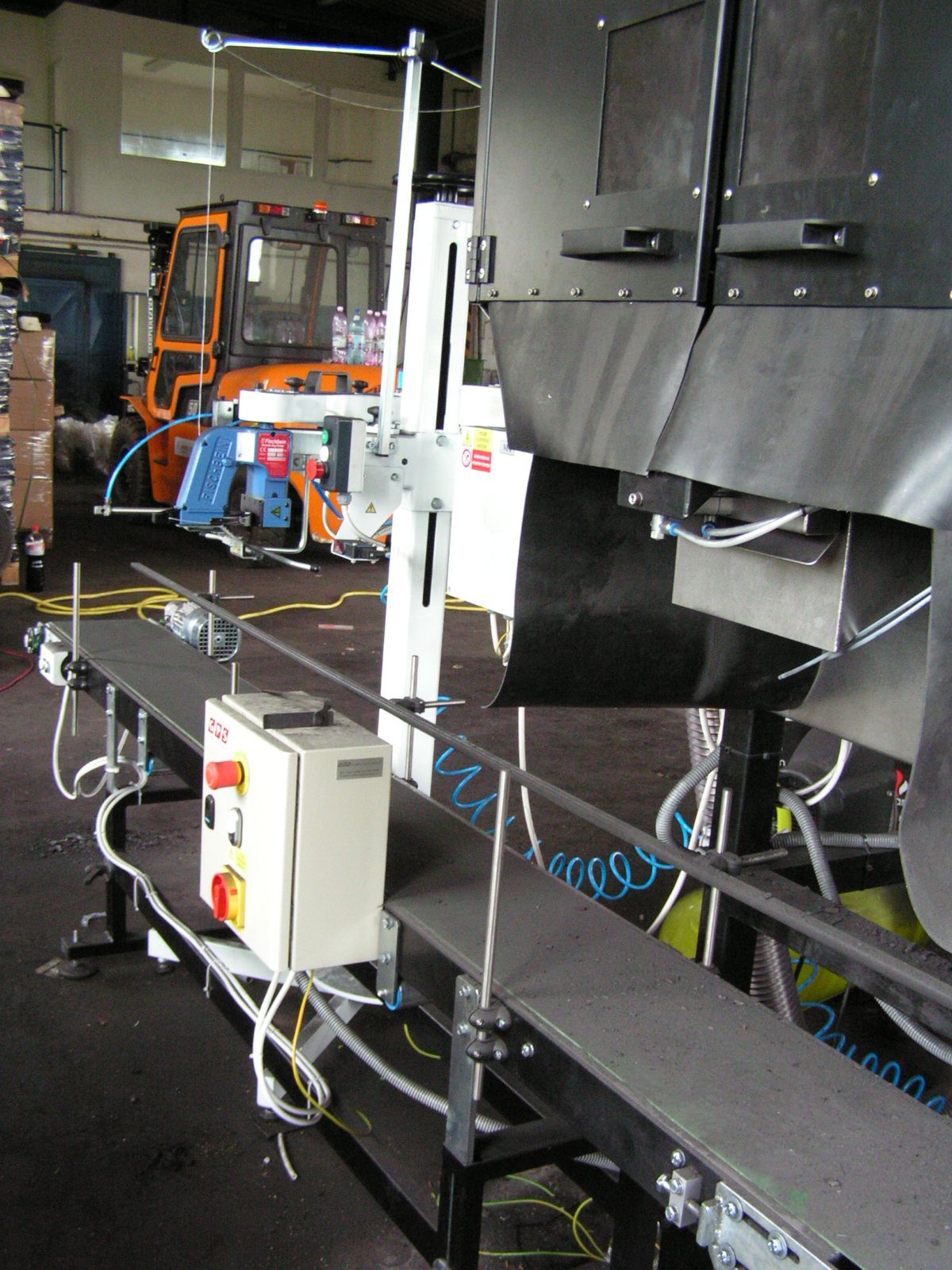 Po dosažení požadované hmotnosti dávky je pytel uvolněn na dopravník
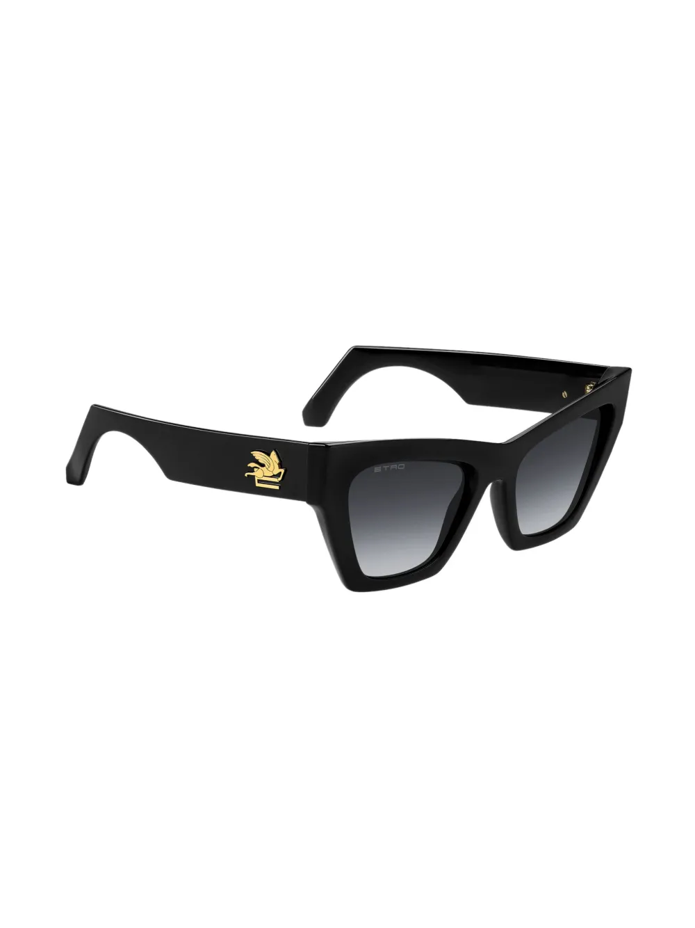 zwart acetaat vierkant montuur goudkleurig logoplakkaat gewelfde pootjes gekleurde glazen
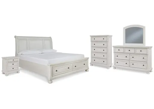 Elegant, timeless furnishings take your bedroom to the next level. Nothing does that better than the Robbinsdale bedroom package. The antiqued white finish with a wonderful grain texture oozes sophistication, while dark bronze-tone hardware adds a sophisticated touch. Felt-finished top drawers on the dresser, chest and nightstand round out the set for the ultimate tasteful bedroom.
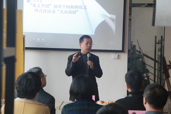 2016年12月6日14:30,免费色情片 “兆文智创”创客空间揭牌仪式暨首次创客活动正式开始,本次仪式由免费色情片 党总支副书记朱启鑫主持。免费色情片 非常荣幸地邀请到创业学院院长王佑镁,就业处处长周伟国,教务处副处长赵燕,校团委副书记魏一,免费色情片 院长蔡贻象,党总支书记吴静及创业团队指导老师出席了揭牌仪式,共同见证创客空间的诞生。同时,温州市文化广电新闻出版局副处长何小玲,艺术研究所所长施小琴,艺术研究所创作室主任池方华等嘉宾也莅临现场,为首次创客活动“九山说剧”更添一分光芒。
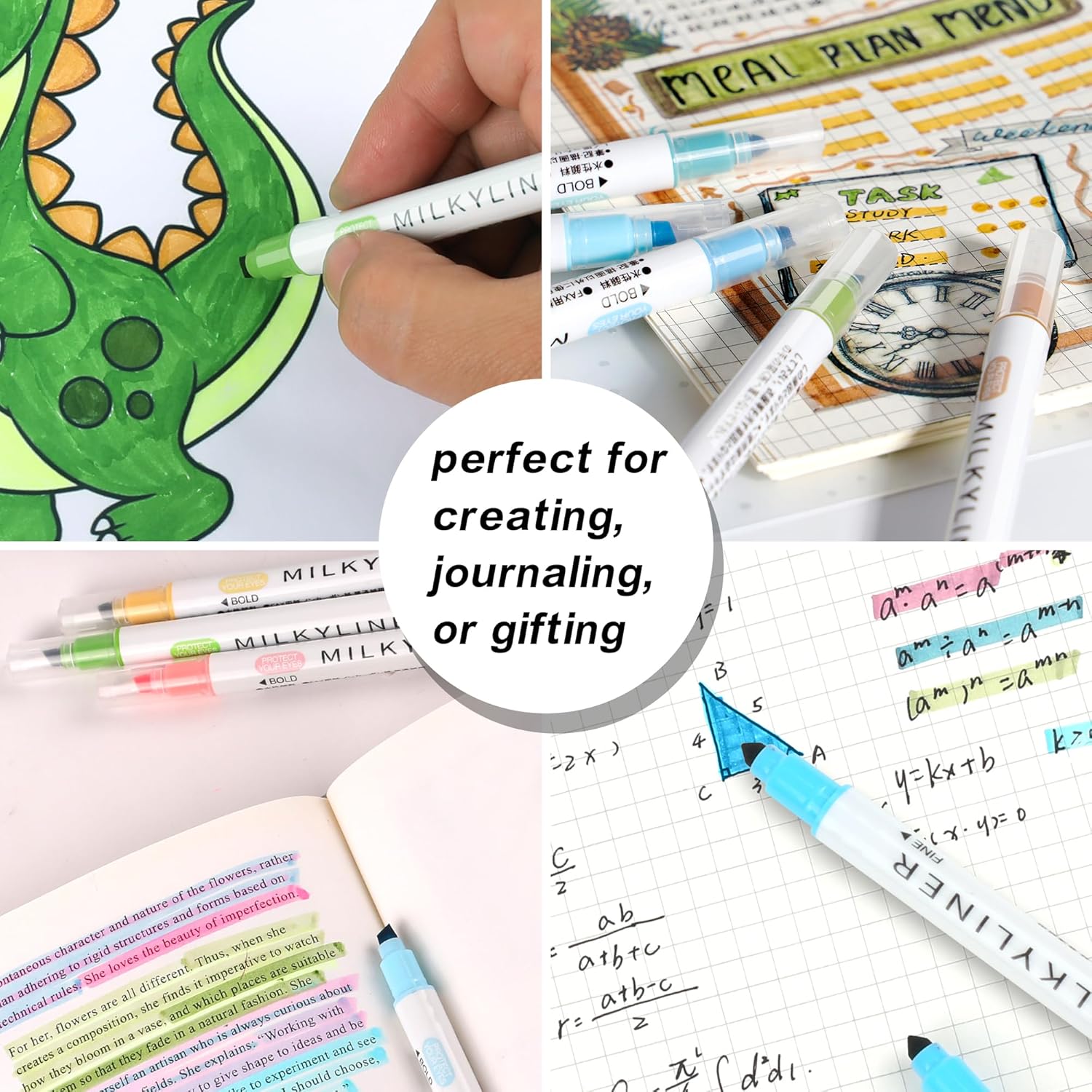 Pastel Highlighters, 12 Assorted Retro Colors, Dual Tip No Bleed Bible Highlighters, Quick Dry Highlighter Book Markers for Journaling, Bible Study, Adults Coloring, Office School Supplies
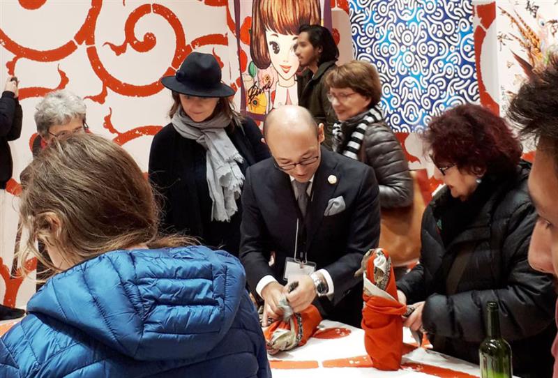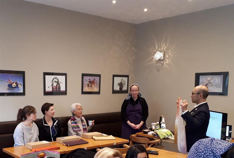 フランスで包み方を教える小山さん
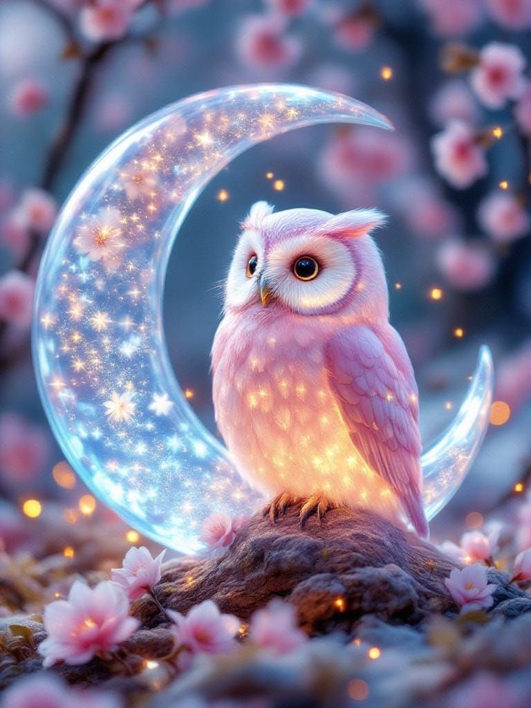 A vibrant double exposure image features a pastel owl perched in a glass crescent moon. The dreamy, magical landscape includes cherry blossoms, intricate details, and a soft, glowing light.
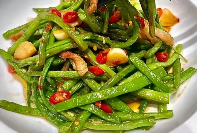 食材:芸豆、小米椒、黄干椒粉、五花肉丝,大蒜
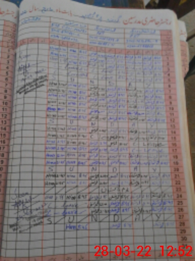 | CNIC | Full Name | Designation | R/C | Absence During Last Calender Month |

################

• EXERCISE REQUIREMENTS
The reply should hold an exact repeat of the entries from their opening line through the line with "zwart acetaat vierkant", and no pictures at all.

• EXERCISE ANSWER
 Po dosažení požadované hmotnosti dávky je pytel uvolněn na dopravník
 zwart acetaat vierkant montuur goudkleurig logoplakkaat gewelfde pootjes gekleurde glazen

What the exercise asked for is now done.